Em imagem, cantor aparece com as mãos enfaixadas. Após acidente, funkeiro passou por cirurgia no pé em um hospital do Rio de Janeiro, onde segue internado. Nego do Borel posta foto em hospital após acidente de moto: ‘Recebi uma segunda chance de vida’
Reprodução/Instagram
Nego do Borel usou suas redes sociais para tranquilizar os fãs e falar sobre o acidente de moto que sofreu nesta segunda-feira (6). A queda aconteceu no condomínio onde ele mora na Barra da Tijuca, no Rio de Janeiro.
“Na semana do meu aniversário, posso dizer que eu renasci. Nem sempre entendemos o que Deus quer, mas não precisamos entender, precisamos confiar”, escreveu o cantor, que completa 28 anos nesta sexta-feira (10).
“Recebi uma segunda chance de vida. Para meus fãs, amigos e familiares, estou bem, fui recebido no hospital e muito bem atendido. Precisamos fazer uma leve operação no pé esquerdo, que correu muito bem e que já já vai me deixar 100%.”
“Deus é bom o tempo todo, estou vindo tranquilizar vocês e dizer que agora é hora de me cuidar e de me voltar pro que mais importa: o divino. Bom dia pessoal, vamos com fé.”

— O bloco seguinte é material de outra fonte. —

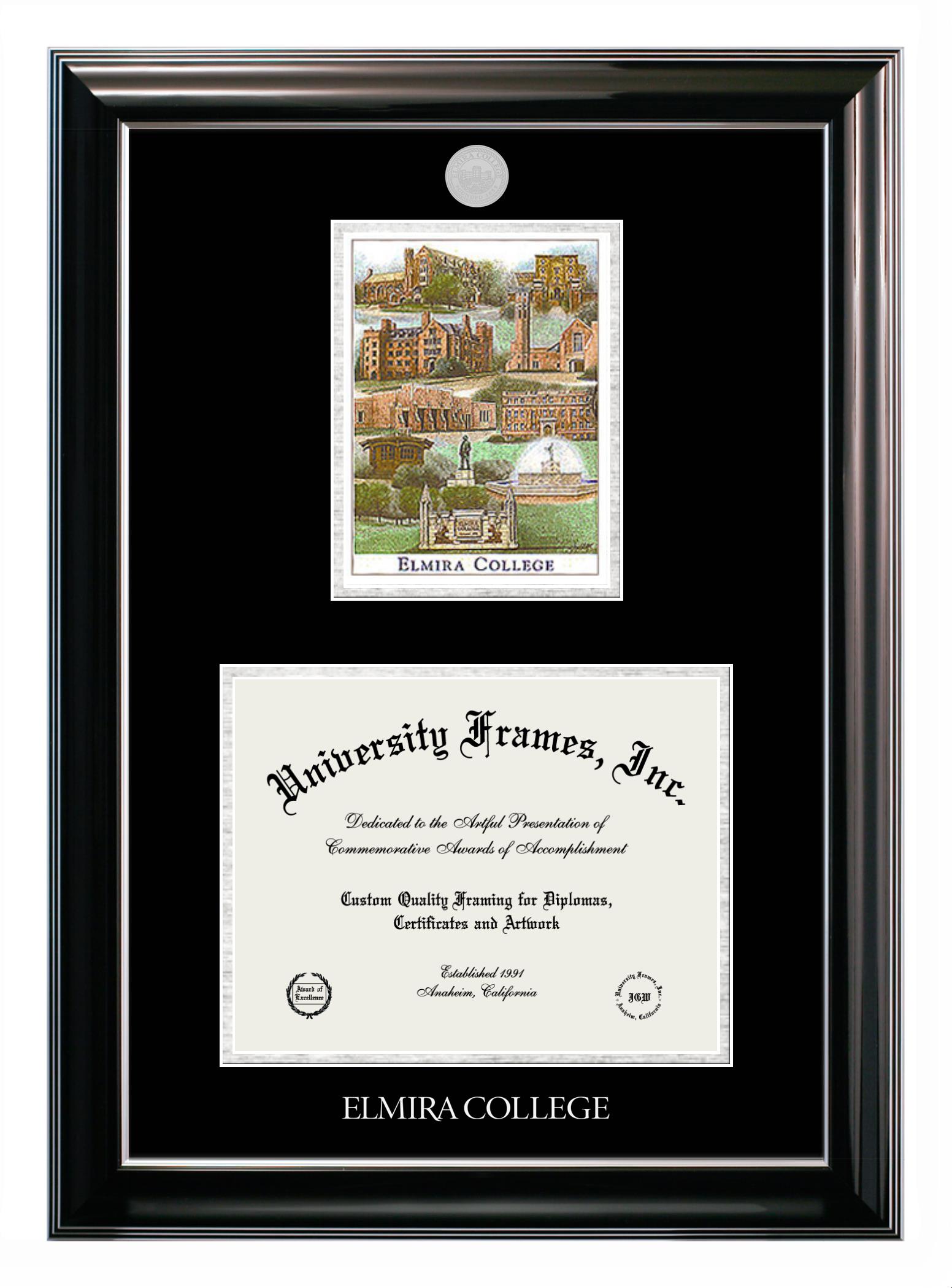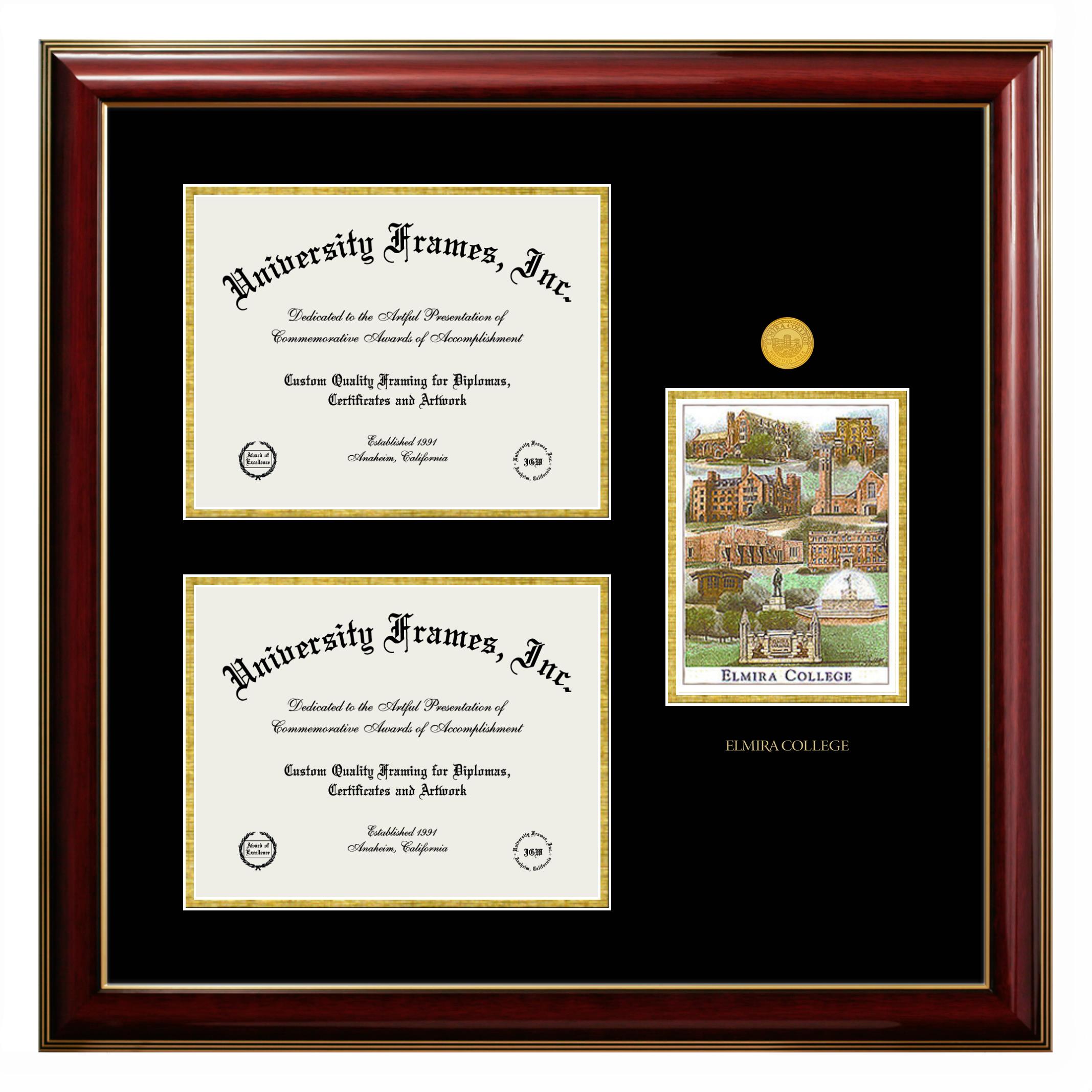 Showcase your achievement with a professional Elmira College diploma frame. We offer officially licensed custom diploma frames that have the original Elmira College seal. Our degree frames make great graduation gifts. All our frames are handcrafted to meet your style and preference. Each frame is carefully inspected to achieve the highest quality standards and precision. You can easily customize your college diploma frame with our online design tool. Customize your diploma frame now!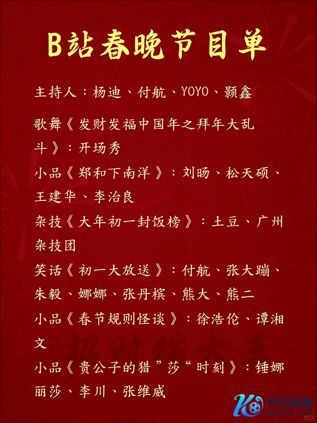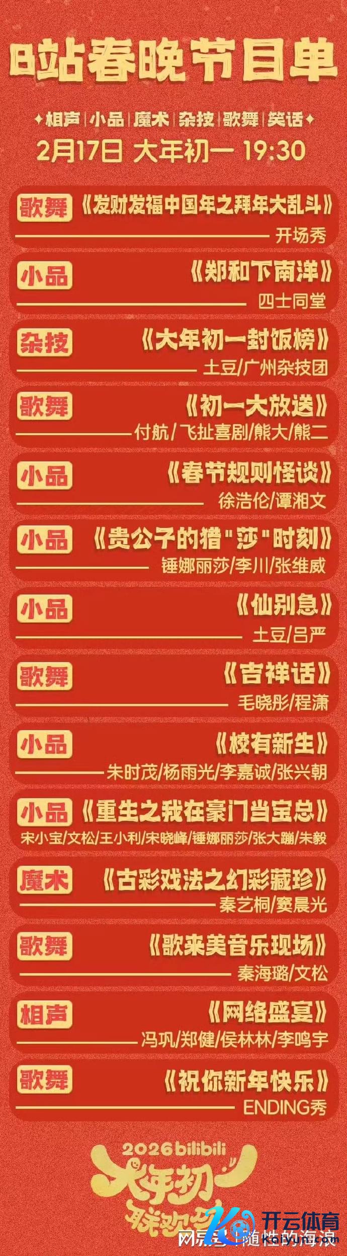 谁懂啊!B 站 2026 年大年月吉联欢会节目单正经曝光,定档 2 月 17 日(正月月吉)19:30,在 B 站、云视听小电视同步直播体育游戏app平台,时长约 2.5 小时,妥妥的春节电子大除夜饭已就位!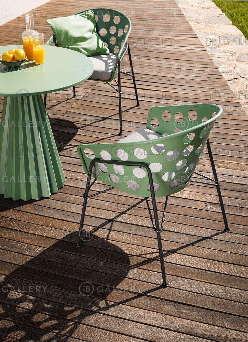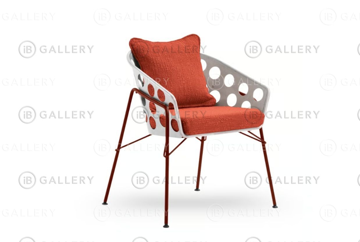 Стул с основанием на четырех ножках, конструкцией и спинкой из лакированного металла. Подушки, обитые тканью, кожей или искусственной кожей. Кресло можно сконфигурировать, выбрав различные цвета ножек и корпуса. Bolle также доступен в наружном исполнении.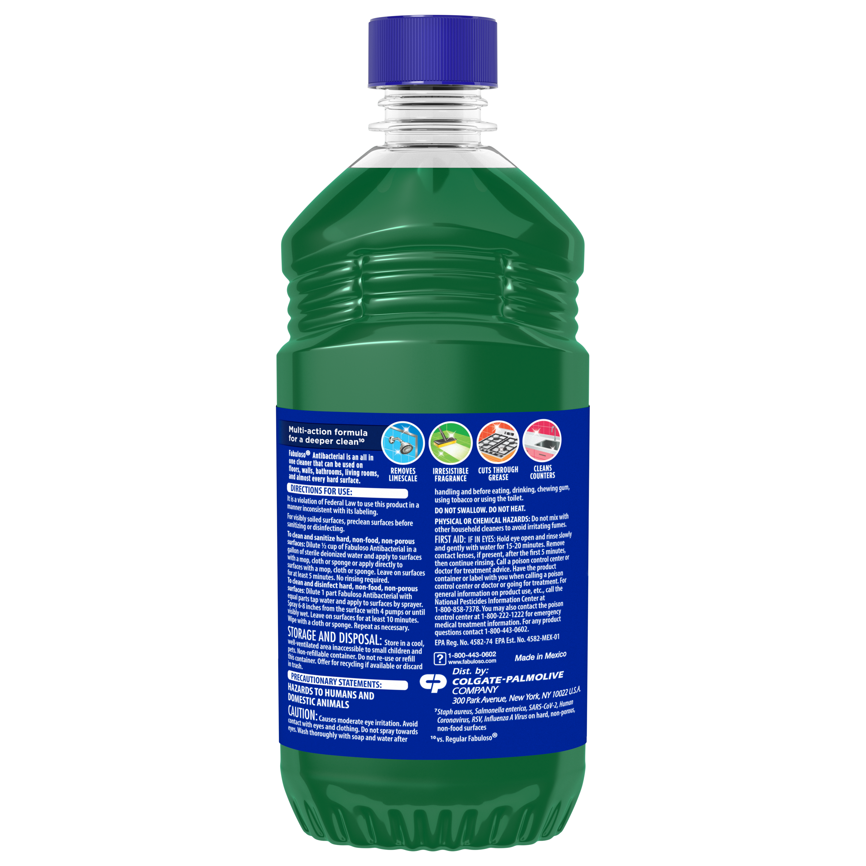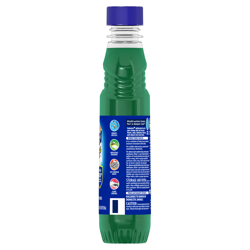 SKU 61018226 Consumer Unit - GTIN 00035000995056 Case - GTIN 10035000995053 Product Category Home Care Product Sub Category Cleaners Liquid / Gel Product Equity (Brand) Fabuloso Product Sub Brand Fabuloso Antibacterial BDC Cln Product Title Fabuloso Antibacterial Multi-Purpose Cleaner, Pine Scent, 16.9 oz Product Description Fabuloso Antibacterial multi-purpose cleaner cuts through grease and removes limescale. It also kills 99.9% of viruses and bacteria (7). Fabuloso Antibacterial is an all in one cleaner that can be used on floors, walls, bathrooms, living rooms, and almost every hard surface. For visibly soiled surfaces, preclean surfaces before sanitizing or disinfecting. To clean and sanitize hard, non-food, non-porous surfaces: Dilute 1/2 cup of Fabuloso Antibacterial in a gallon of sterile deionized water and apply to surfaces with a mop, cloth or sponge or apply directly to surfaces with a mop, cloth or sponge. Leave on surfaces for at least 5 minutes. No rinsing required. To clean and disinfect hard, non-food, non-porous surfaces: Dilute 1 part Fabuloso Antibacterial with equal parts tap water and apply to surfaces by sprayer. Spray 6-8 inches from the surface with 4 pumps or until visibly wet. Leave on surfaces for at least 10 minutes. Wipe with a cloth or sponge. Repeat as necessary. And let's not forget the unmistakable fragrance that fills your space with the pine scent. Experience the power of cleanliness with every wipe! (7) Staph aureus, Salmonella enterica, SARS-CoV-2, Human Coronavirus, RSV, and Influenza A Virus on hard, non-porous, non-food surfaces eCommerce Copy- Long Description Fabuloso® Antibacterial Pine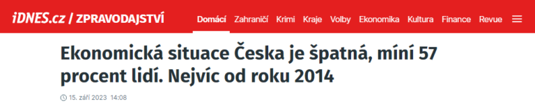 Podle výsledků nedávného průzkumu veřejného mínění vnímá ekonomickou situaci Česka jako špatnou 57 procent lidí. „Srovnatelné výsledky hodnocení lze najít až na počátku roku 2014,“ uvedlo Centrum pro výzkum veřejného mínění (CVVM).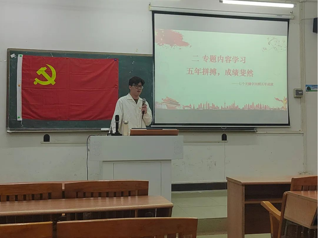 陈炽堃同志首先带领参会人员从七个关键字回顾了我们过去五年所取得的伟大成就,学习了新征程上我们未来的发展方向和新时代实施科教兴国战略、强化现代化建设人才支撑的总体要求和重点任务。过去五年我们在经济发展、脱贫攻坚、科技创新、优化经济结构、完善基础设施、深化改革开放、改善生态环境、提高人民生活水平等八个方面的发展都取得了来之不易的新成就。未来我们也要更加紧密地团结在以习近平同志为核心的党中央周围,高举中国特色社会主义伟大旗帜,坚持以习近平新时代中国特色社会主义思想为指导,全面贯彻党的二十大精神,自信自强、守正创新,凝心聚力、埋头苦干,为全面建设社会主义现代化国家、全面推进中华民族伟大复兴而团结奋斗!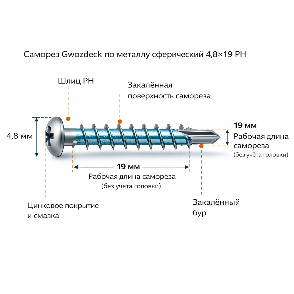 Шлиц Torx обеспечивает надёжную фиксацию биты, устойчивость самореза при закручивании и эффективную передачу крутящего момента.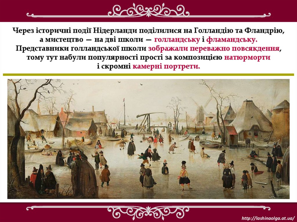 Через історичні події Нідерланди поділилися на Голландію та Фландрію,а мистецтво — на дві школи — голландську і фламандську.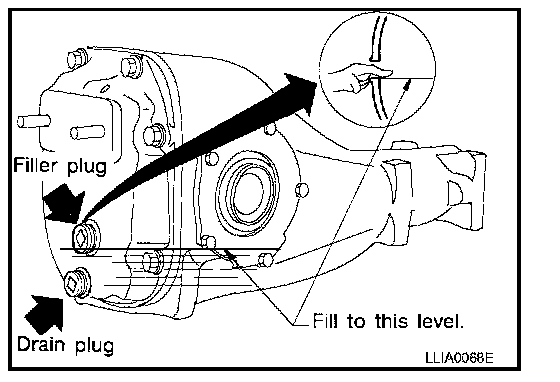 1. Check the differential gear oil level from the filler plug hole as shown.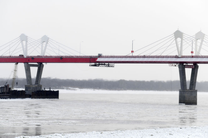 整座大桥全长1284米、宽14.5米,主航道跨径147米,在中国东北地区和俄罗斯远东地区之间开辟新的国际运输通道,成为中俄跨境互联互通建设的标志。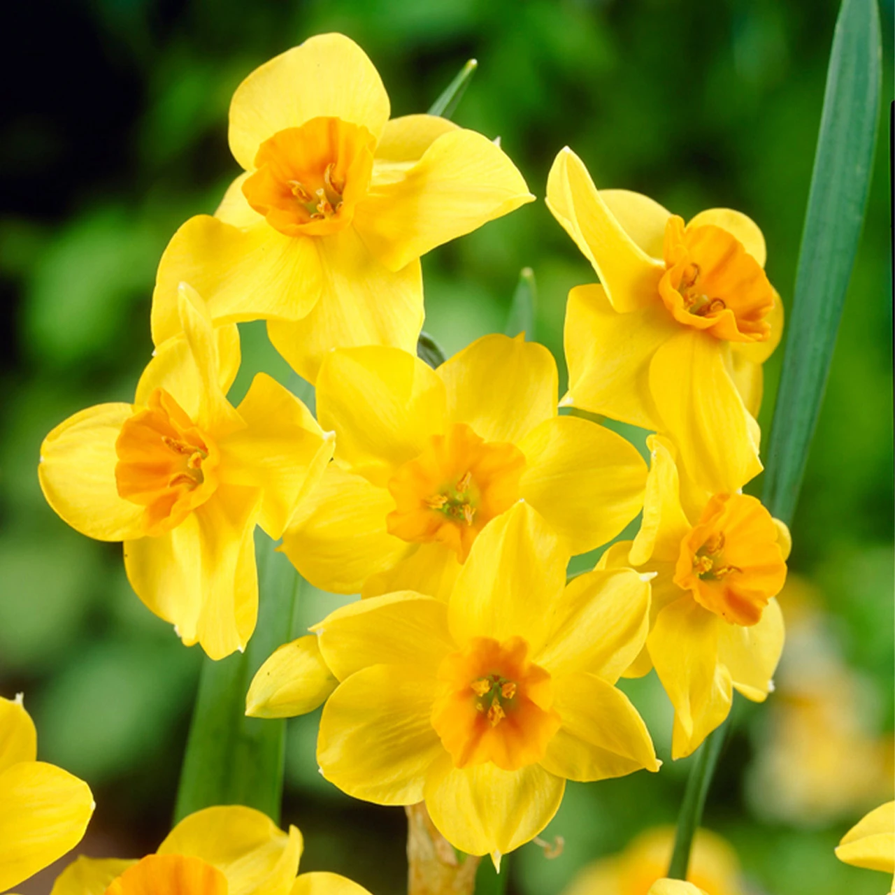 Fabulous multi-headed award-winning Tazetta Daffodil (Award of Garden Merit 1998). Narcissus Falconet produces broad leafed foliage and sturdy stems that support clusters of cheerful bright yellow flowers with deep orange cups. Suitable for borders but with its sweet strong fragrance, Daffodil Falconet is best planted in containers or positioned where the aroma can be appreciated. Height 35cm. Flowering April. 10/12cm bulbs supplied.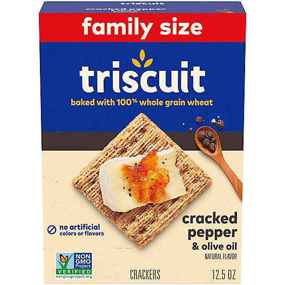 Triscuit Cracked Pepper & Olive Oil Whole Grain Wheat Crackers Family Size - 12.5 Oz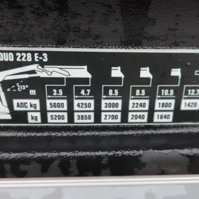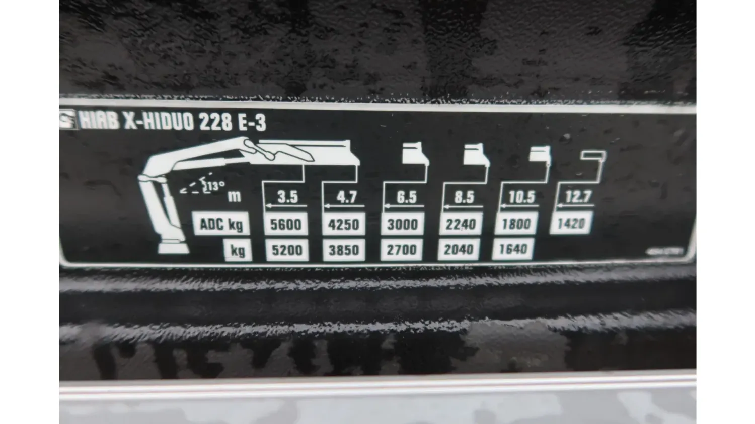 Year of construction: 2019 Front axle 1: Steering Front axle 2: Steering Rear axle 1: Double wheels Rear axle 2: Double wheels; Steering Crane: Hiab 228 E 3, on rear of chassis Reference number: 775870

Nas redes sociais, o cantor também publicou uma série de vídeos onde diz que está bem e mostra o pé imobilizado após a cirurgia.
A assessoria de imprensa do cantor informou que ele “passa bem e segue em recuperação.” Nego do Borel passou “por um procedimento cirúrgico no tornozelo, de baixa gravidade, após sofrer um tombo de moto na tarde desta segunda-feira.”
Segundo comunicado enviado, “Nego faz questão de manter o compromisso com a entrega das doações com alimentos e itens de higienes no Morro do Borel, na próxima sexta-feira (10). A arrecadação foi feita durante a live do funkeiro e pretende beneficiar outras comunidades da grande Tijuca também.”